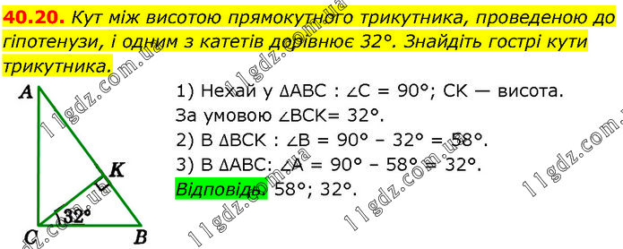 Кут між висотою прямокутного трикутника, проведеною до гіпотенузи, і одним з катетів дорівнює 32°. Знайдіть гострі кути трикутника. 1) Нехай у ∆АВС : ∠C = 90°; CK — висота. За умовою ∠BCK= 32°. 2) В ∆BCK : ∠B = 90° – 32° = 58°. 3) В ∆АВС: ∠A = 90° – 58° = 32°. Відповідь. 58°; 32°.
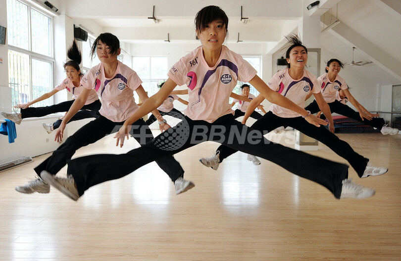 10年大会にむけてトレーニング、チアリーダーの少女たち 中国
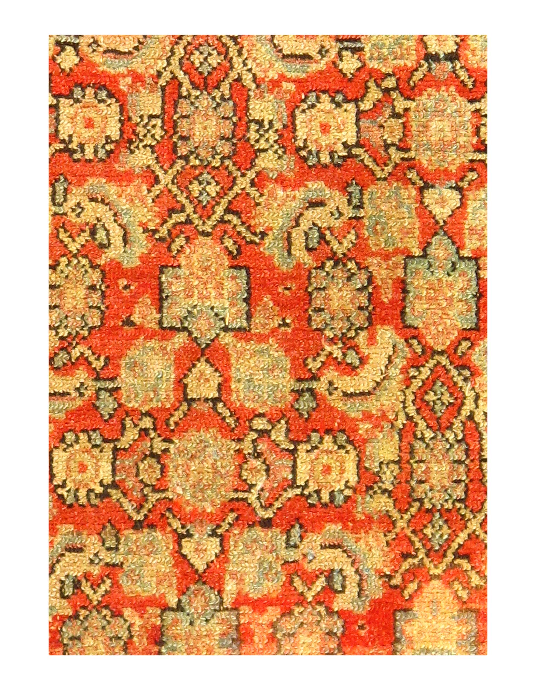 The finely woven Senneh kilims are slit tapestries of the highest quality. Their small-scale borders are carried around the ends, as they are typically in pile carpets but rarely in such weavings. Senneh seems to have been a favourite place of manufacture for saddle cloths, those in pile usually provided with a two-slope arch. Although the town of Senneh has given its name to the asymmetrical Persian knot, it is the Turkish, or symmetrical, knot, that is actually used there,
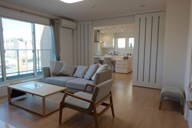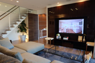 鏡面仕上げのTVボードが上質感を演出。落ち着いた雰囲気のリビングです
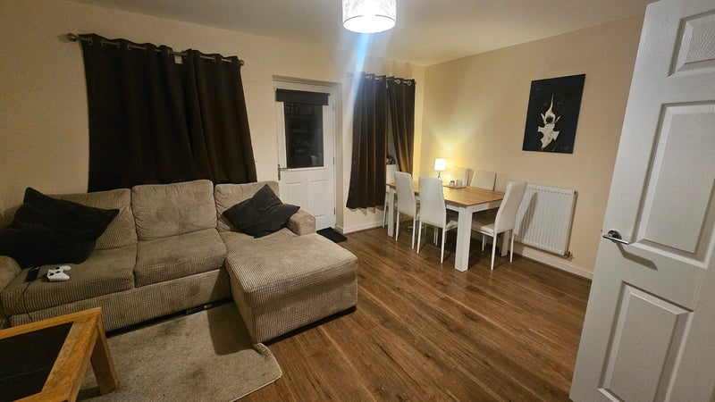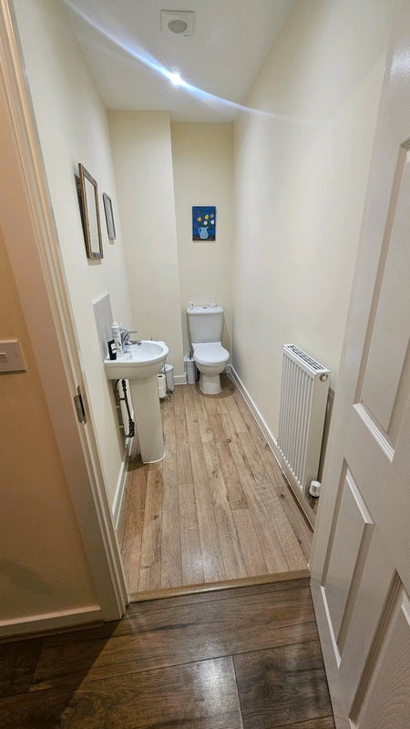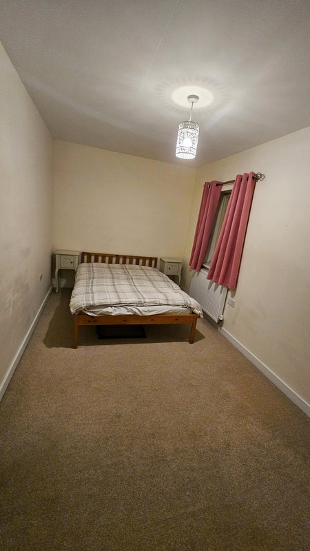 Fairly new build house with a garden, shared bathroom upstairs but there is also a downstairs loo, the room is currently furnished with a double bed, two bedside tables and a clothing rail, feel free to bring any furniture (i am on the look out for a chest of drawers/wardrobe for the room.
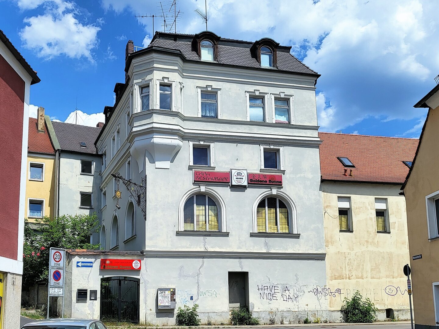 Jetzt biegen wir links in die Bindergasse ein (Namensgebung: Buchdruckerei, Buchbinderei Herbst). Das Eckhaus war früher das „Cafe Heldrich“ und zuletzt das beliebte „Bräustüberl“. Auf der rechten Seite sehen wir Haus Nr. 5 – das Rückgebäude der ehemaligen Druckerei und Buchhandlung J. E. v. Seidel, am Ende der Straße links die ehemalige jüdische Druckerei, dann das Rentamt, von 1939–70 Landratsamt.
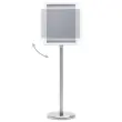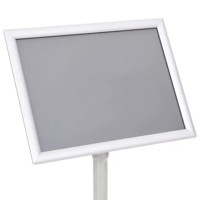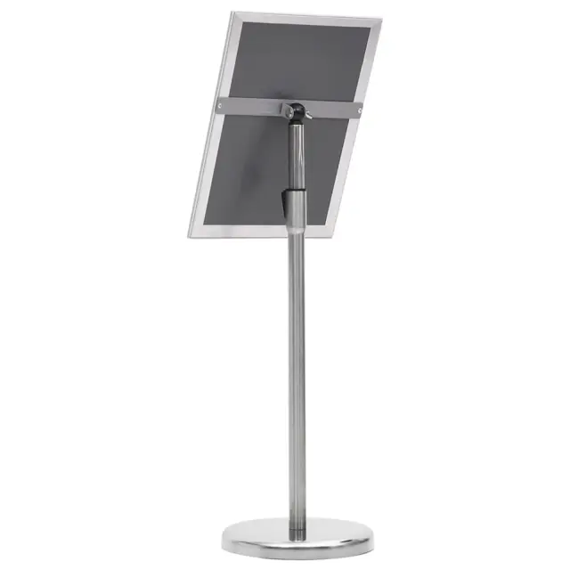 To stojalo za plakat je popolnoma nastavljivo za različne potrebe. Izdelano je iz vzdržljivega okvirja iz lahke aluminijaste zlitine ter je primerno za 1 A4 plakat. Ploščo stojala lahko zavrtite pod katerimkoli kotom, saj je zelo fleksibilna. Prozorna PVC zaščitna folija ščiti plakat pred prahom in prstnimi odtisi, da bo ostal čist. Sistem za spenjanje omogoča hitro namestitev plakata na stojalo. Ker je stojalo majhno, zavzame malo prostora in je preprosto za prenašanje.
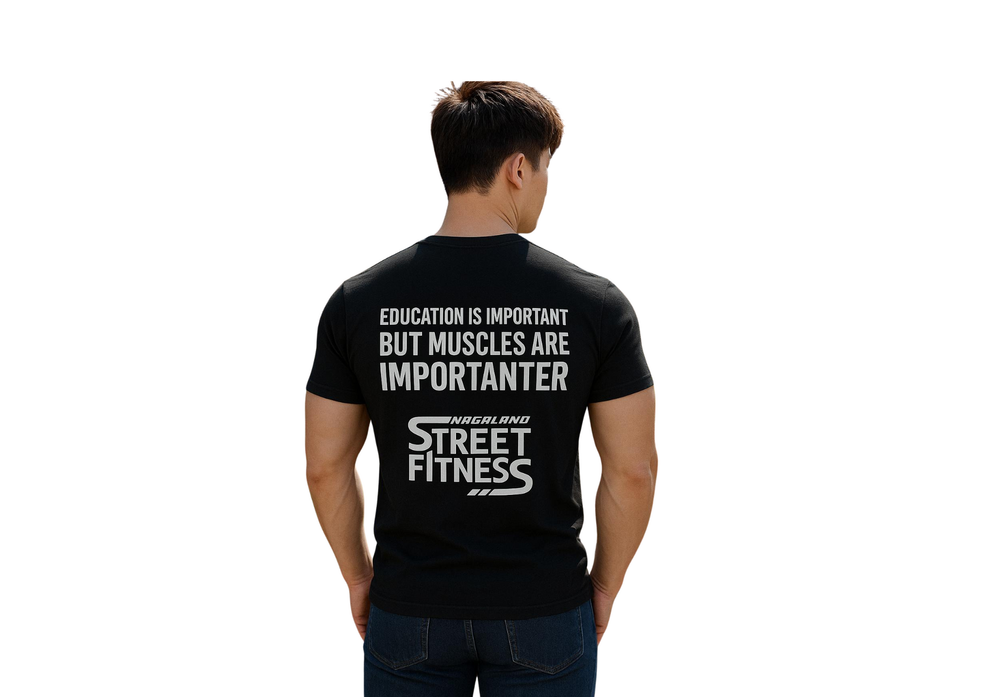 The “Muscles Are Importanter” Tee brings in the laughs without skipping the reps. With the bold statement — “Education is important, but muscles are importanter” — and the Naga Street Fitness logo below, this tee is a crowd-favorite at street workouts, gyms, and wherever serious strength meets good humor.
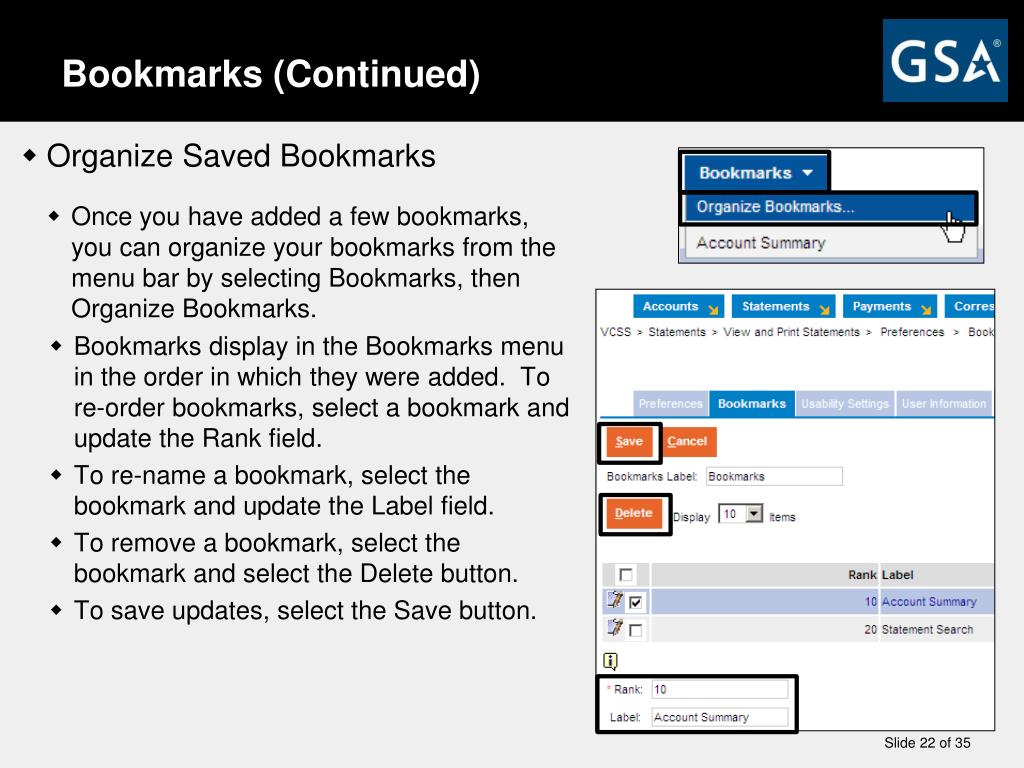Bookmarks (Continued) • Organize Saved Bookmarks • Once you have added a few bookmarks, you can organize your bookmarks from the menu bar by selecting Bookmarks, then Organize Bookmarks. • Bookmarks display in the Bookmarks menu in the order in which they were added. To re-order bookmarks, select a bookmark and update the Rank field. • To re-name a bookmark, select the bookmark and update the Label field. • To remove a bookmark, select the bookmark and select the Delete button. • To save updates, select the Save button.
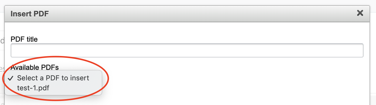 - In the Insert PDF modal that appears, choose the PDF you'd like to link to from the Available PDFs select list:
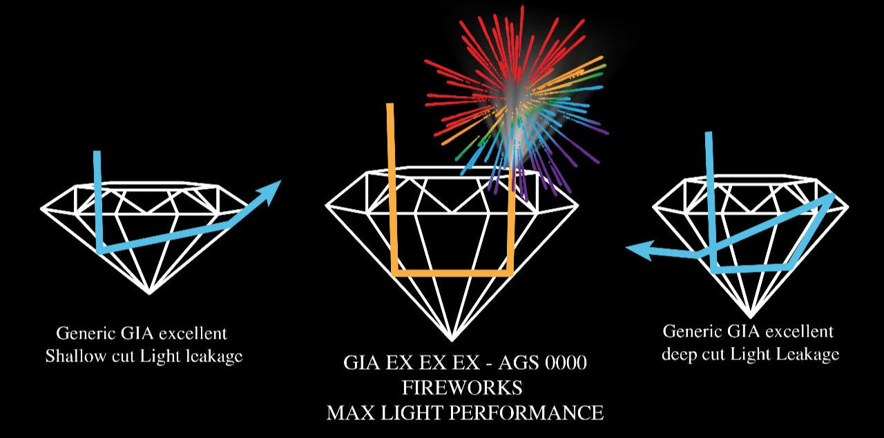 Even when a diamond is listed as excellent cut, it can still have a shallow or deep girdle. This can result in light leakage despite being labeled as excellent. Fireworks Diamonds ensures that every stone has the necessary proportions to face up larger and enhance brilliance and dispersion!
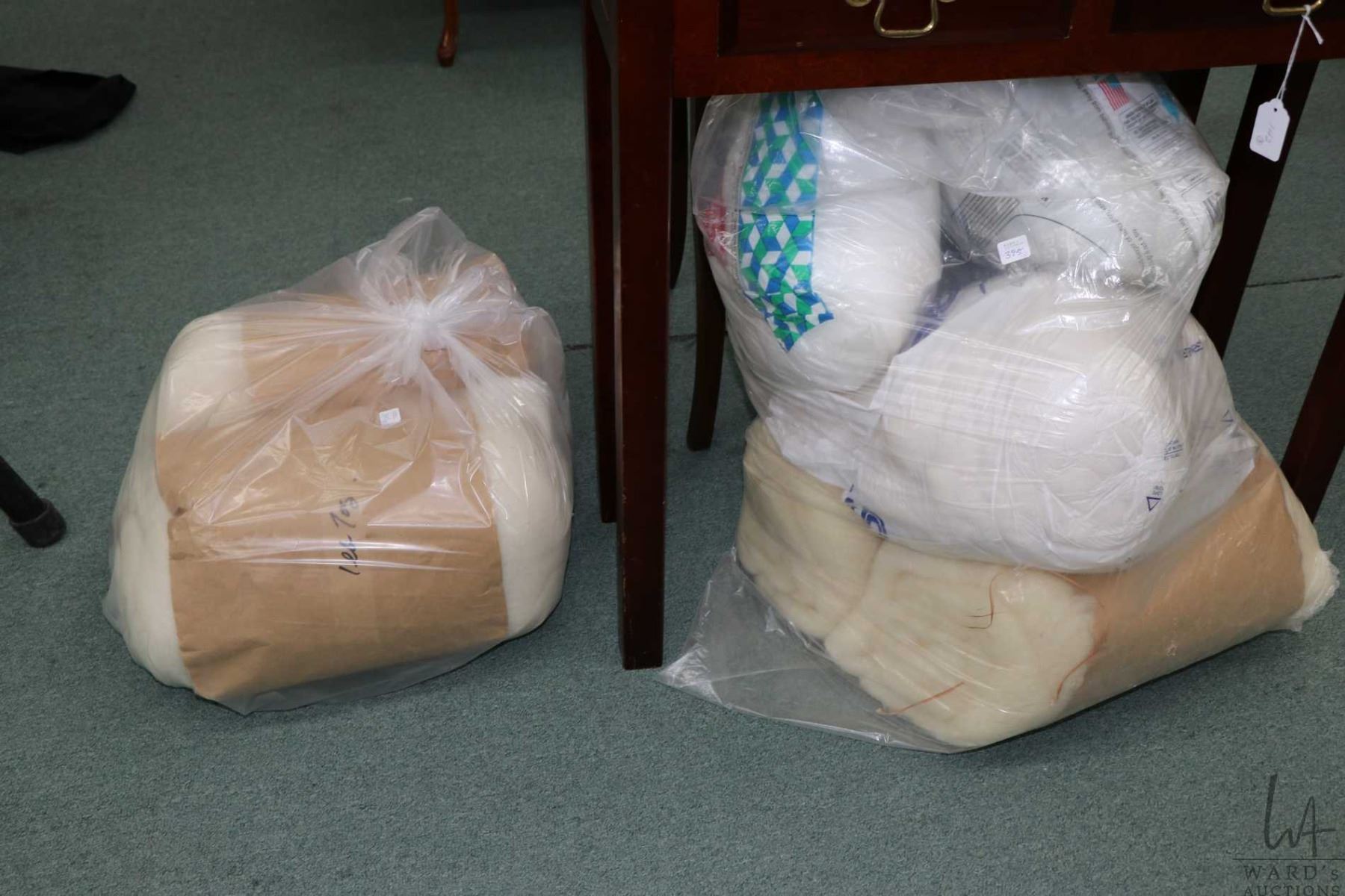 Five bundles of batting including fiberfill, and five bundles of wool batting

Problem description: Every record gets retyped exactly; no picture goes into the copy.

Response for this exercise:
 Кут між висотою прямокутного трикутника, проведеною до гіпотенузи, і одним з катетів дорівнює 32°. Знайдіть гострі кути трикутника. 1) Нехай у ∆АВС : ∠C = 90°; CK — висота. За умовою ∠BCK= 32°. 2) В ∆BCK : ∠B = 90° – 32° = 58°. 3) В ∆АВС: ∠A = 90° – 58° = 32°. Відповідь. 58°; 32°.
 10年大会にむけてトレーニング、チアリーダーの少女たち 中国
 The finely woven Senneh kilims are slit tapestries of the highest quality. Their small-scale borders are carried around the ends, as they are typically in pile carpets but rarely in such weavings. Senneh seems to have been a favourite place of manufacture for saddle cloths, those in pile usually provided with a two-slope arch. Although the town of Senneh has given its name to the asymmetrical Persian knot, it is the Turkish, or symmetrical, knot, that is actually used there,
 鏡面仕上げのTVボードが上質感を演出。落ち着いた雰囲気のリビングです
 Fairly new build house with a garden, shared bathroom upstairs but there is also a downstairs loo, the room is currently furnished with a double bed, two bedside tables and a clothing rail, feel free to bring any furniture (i am on the look out for a chest of drawers/wardrobe for the room.
 Jetzt biegen wir links in die Bindergasse ein (Namensgebung: Buchdruckerei, Buchbinderei Herbst). Das Eckhaus war früher das „Cafe Heldrich“ und zuletzt das beliebte „Bräustüberl“. Auf der rechten Seite sehen wir Haus Nr. 5 – das Rückgebäude der ehemaligen Druckerei und Buchhandlung J. E. v. Seidel, am Ende der Straße links die ehemalige jüdische Druckerei, dann das Rentamt, von 1939–70 Landratsamt.
 To stojalo za plakat je popolnoma nastavljivo za različne potrebe. Izdelano je iz vzdržljivega okvirja iz lahke aluminijaste zlitine ter je primerno za 1 A4 plakat. Ploščo stojala lahko zavrtite pod katerimkoli kotom, saj je zelo fleksibilna. Prozorna PVC zaščitna folija ščiti plakat pred prahom in prstnimi odtisi, da bo ostal čist. Sistem za spenjanje omogoča hitro namestitev plakata na stojalo. Ker je stojalo majhno, zavzame malo prostora in je preprosto za prenašanje.
 The “Muscles Are Importanter” Tee brings in the laughs without skipping the reps. With the bold statement — “Education is important, but muscles are importanter” — and the Naga Street Fitness logo below, this tee is a crowd-favorite at street workouts, gyms, and wherever serious strength meets good humor.
Bookmarks (Continued) • Organize Saved Bookmarks • Once you have added a few bookmarks, you can organize your bookmarks from the menu bar by selecting Bookmarks, then Organize Bookmarks. • Bookmarks display in the Bookmarks menu in the order in which they were added. To re-order bookmarks, select a bookmark and update the Rank field. • To re-name a bookmark, select the bookmark and update the Label field. • To remove a bookmark, select the bookmark and select the Delete button. • To save updates, select the Save button.
 - In the Insert PDF modal that appears, choose the PDF you'd like to link to from the Available PDFs select list:
 Even when a diamond is listed as excellent cut, it can still have a shallow or deep girdle. This can result in light leakage despite being labeled as excellent. Fireworks Diamonds ensures that every stone has the necessary proportions to face up larger and enhance brilliance and dispersion!
 Five bundles of batting including fiberfill, and five bundles of wool batting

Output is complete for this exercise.